In an unprecedented case a baby born with the HIV has made medical history by being the very first child to be functionally cured.
The child, who the hospital has not named, needs no medication for HIV and is expected to have a normal life expectancy. Doctors also believe that the child is highly unlikely to be infections to others.
Dr. Hannah Gay, from the University of Mississippi medical center told The Guardian the patient is functionally cured of HIV when standard tests are negative for the AIDS virus.
"Now after at least one year of taking no medicine, this child's blood remains free of the virus even on the most sensitive tests available," said Gay.
In this case, the mother was unaware she had HIV until a standard test came back positive while she was in labor.

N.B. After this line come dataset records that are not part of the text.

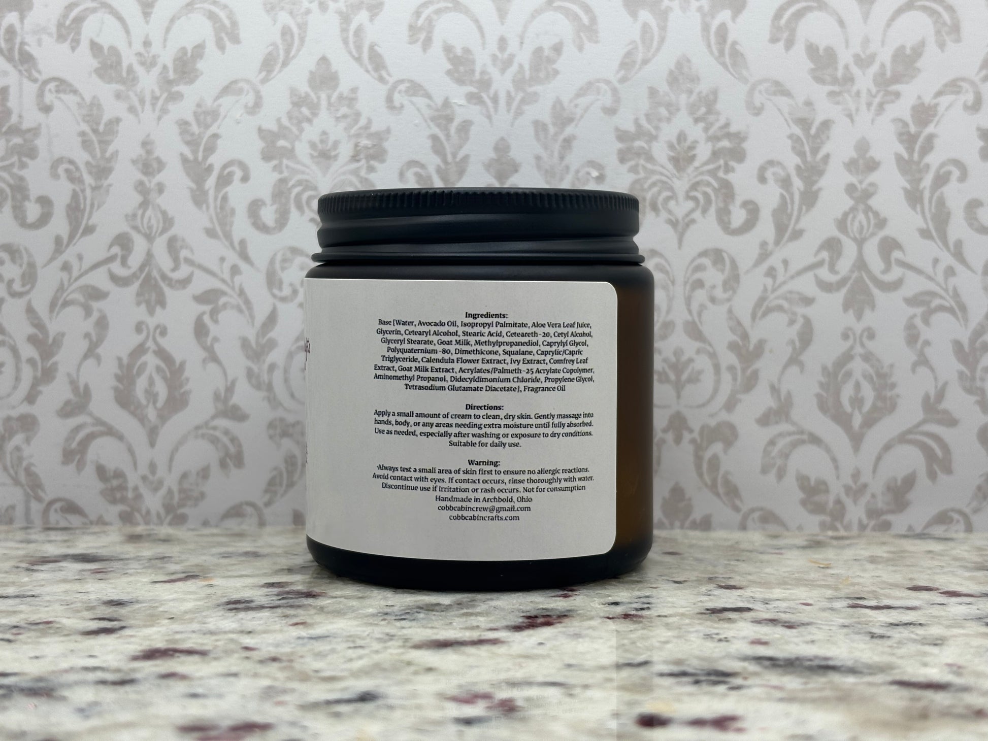 Ingredients: Base [Water, Avocado Oil, Isopropyl Palmitate, Aloe Vera Leaf Juice, Glycerin, Cetearyl Alcohol, Stearic Acid, Ceteareth-20, Cetyl Alcohol, Glyceryl Stearate, Goat Milk, Methylpropanediol, Caprylyl Glycol, Polyquaternium-80, Dimethicone, Squalane, Caprylic/Capric Triglyceride, Calendula Flower Extract, Ivy Extract, Comfrey Leaf Extract, Goat Milk Extract, Acrylates/Palmeth-25 Acrylate Copolymer, Aminomethyl Propanol, Didecyldimonium Chloride, Propylene Glycol, Tetrasodium Glutamate Diacetate], Fragrance Oil
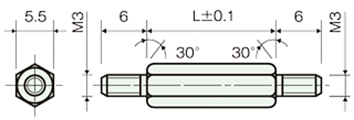 ●材質:快削ステンレス鋼(SUS303)●処理:脱脂 ●ネジ径 M=3 ピッチ 0.5●L=14
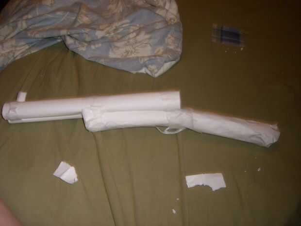 ahora que tienes la estructura básica, agregar una vista, un gatillo y cubre los 4 tubos pequeños. Voila! vaya diversión! pero para hacer cualquier cosa con él, necesitas balas. balas se hacen fácilmente para arriba papel en conos puntiagudos y grabarlo. para disparar, deslice los tubos del cañón y luego cargar la bala. y luego soplar en el tubo. pasar un buen rato
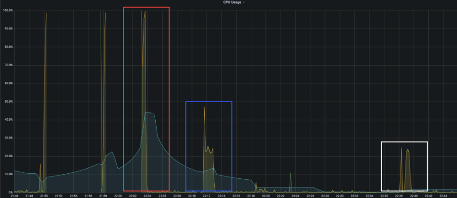 - 빨간박스 안에 있는 그래프는 한 번에 데이터를 전송 했을 때, 파란색박스 안에 있는 그래프는 배치를 사용하여 데이터를 전송 했을 때 그래프.
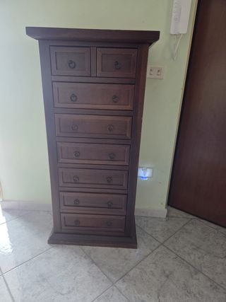 Set di mobili in legno scuro, composto da due comodini, un settimino e una cassettiera. Ideali per arredare la tua camera da letto con stile. - Due comodini con un cassetto ciascuno. - Un settimino con sette cassetti. - Una cassettiera con tre cassetti. - Maniglie in metallo finitura anticata.

Women with HIV are given antiretroviral drugs during pregnancy to minimize the mount of virus in the blood, and because the woman was unaware she had HIV, the doctors where unable to treat her ahead of time.
Doctors began treating the baby 30 hours after birth, and several days later testing showed that the baby had contracted HIV and was infected.
Then the mother stopped bringing the baby in for check ups and the hospital lost track of the mother and child. When they did see them again a year had passed. The mother told the doctors she had stopped giving the medication to the baby. After testing, the doctors were shocked that the baby showed no sighs of the AIDS virus.
"My first thought was to panic, I thought, 'Oh my goodness I have been treating a child that is not actually infected,'" said Gay
The Jackson hospital rechecked their lab work and they found no mistake.
The mother's HIV is being controlled with medication and she is "quite excited for her child," Gay told the Associated Press.